Saturday, October 09, 2010

The lowest lows and the highest highs

Talk about roller coasters (and yes, we were talking about roller coasters.... RAD *is* a roller coaster!) It has been a non-stop one here, for the past week.

Middle-One had been climbing, dropping, flipping and spiralling out of control for a while now. His behavior had escalated to an extreme state of all-the-time deregulation. Last Tuesday he spent four hours controlling the house while Bright-Eyes holed up in my room behind a locked door and I stood guard. Four... hours........... he watched TV, he played video games, he went through drawers (pulled out a long screwdriver) and ate the ice cream. It was a free for all. Until Wednesday...

On Wednesday Middle came home from school to find that all of the TV and video game stuff had been taken out of the living room and all of his possessions had been removed from his room. No stuff, except what is essential... a blanket, one pillow, deodorant, toothpaste & brush. We told him we would give him clothes daily. We also explained that with each day that he followed his goals, he would get one item back.

"can I pick the one item?"

"No"

The next three days were heavenly. It defies explanation. We had a polite, respectful, attentive, caring, remorseful child. I don't know how... but we saw it with out own eyes. He did his chores. He did extra chores. He was given little bits of privileges (10 minutes of outside time, some quiet reading time) no TV, no playing with friends or his brother. He didn't seem to mind. He actually sat and talked to us... astounding!!!!! Our AT just told us to enjoy it while it lasts.

Today was the fourth day. The end of heaven. The day the music died.......

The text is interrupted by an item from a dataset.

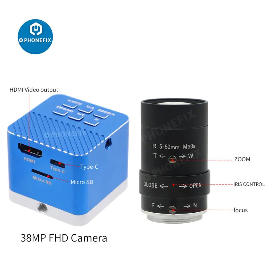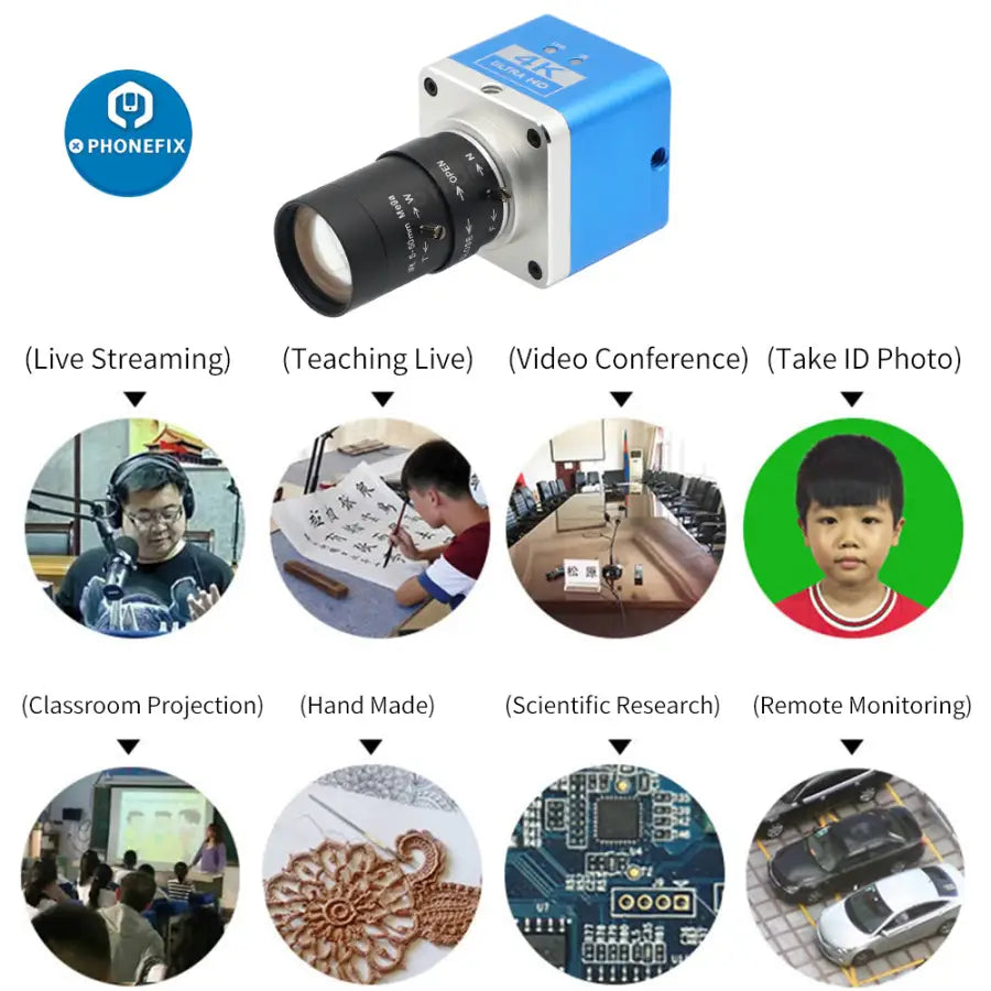 HDMI 4K Ultra HD 2160P USB CMOS industrial Live Digital Camera, with Sony IMX377 Sensor, CCD digital detector, Equipped with Varifocal 5-50mm C /CS Mount 1/3" F1.6 Lens Manual IRIS Zoom Focus CCTV Lens.

Today he got bored. Oh whoa is meeeeeeeeeee...... there is nothing to do... well there is reading... well he did get to go outside for longer. But, it's not enough. He got bored. It was out fault (isn't everything really?).

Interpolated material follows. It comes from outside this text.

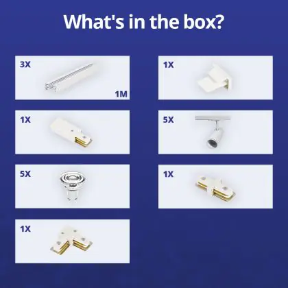 Nome del fabbricante | Complete L shaped 1-Phase Track Set White incl. 5x Spot fixture + GU10 2700K 3W Dim – 1 x 2 meter i | |

We could see things going south and we tried to talk to him and help him stay on track but there was no preventing this train from derailing.

When he exploded he really exploded.

He banged on a Plexiglas window until he pushed out the window frame and bent the pane. He tried to hit Mr. T (Mr. T blocked it)and grabbed Mr. T's reading glasses off his face and crumbled them (yes Really!!!) in his fist.

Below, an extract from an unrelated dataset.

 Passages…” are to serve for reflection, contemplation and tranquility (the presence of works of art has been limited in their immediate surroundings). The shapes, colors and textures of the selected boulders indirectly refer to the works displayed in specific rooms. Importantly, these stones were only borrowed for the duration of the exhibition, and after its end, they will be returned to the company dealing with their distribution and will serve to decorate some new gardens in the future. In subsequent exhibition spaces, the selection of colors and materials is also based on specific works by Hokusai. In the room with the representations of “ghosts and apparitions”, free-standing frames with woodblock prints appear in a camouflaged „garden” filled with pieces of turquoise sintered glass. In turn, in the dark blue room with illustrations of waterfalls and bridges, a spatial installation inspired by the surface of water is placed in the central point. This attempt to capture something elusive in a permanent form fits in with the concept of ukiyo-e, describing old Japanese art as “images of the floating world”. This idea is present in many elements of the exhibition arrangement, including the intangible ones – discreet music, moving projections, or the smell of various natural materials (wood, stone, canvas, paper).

Mr. T ended up restraining Middle until I came arrived on the scene.


I wonder if we will climb back up now, or go into a spin... I HATE roller coasters!!!!

Friday, October 01, 2010

Today in Attachment Therapy

Middle-One decided he was done. At the end of his rope. Had gone as far as he could go. He came to a hurdle that is too high.

Therapy (for him) is over.

He can not face the emotional darkness that is his birthmother.

Like magic, when she is discussed, he shuts down. Today AT wanted to try again to get him to talk about her and his feelings. He wouldn't. He simply said he couldn't do it.

She explained to him that this means he doesn't want to join his family and get better. He shrugged and reiterated that he couldn't.

You can take a horse to water... you can pour it on him, sprinkle him with it, even submerge him in it...but you can not make him drink.

AT and i discussed ways of keeping the refreshment of the water ever present and available. Waiting for a break in his shield or a chink in his armour. We will hope that one day he will drink.

Until then, therapy (for him) is over. He will go to session and AT will ask him if he is ready yet to work. If he says no, it's no.

We will pray for the day that he say "yes", and hope we make it to that day.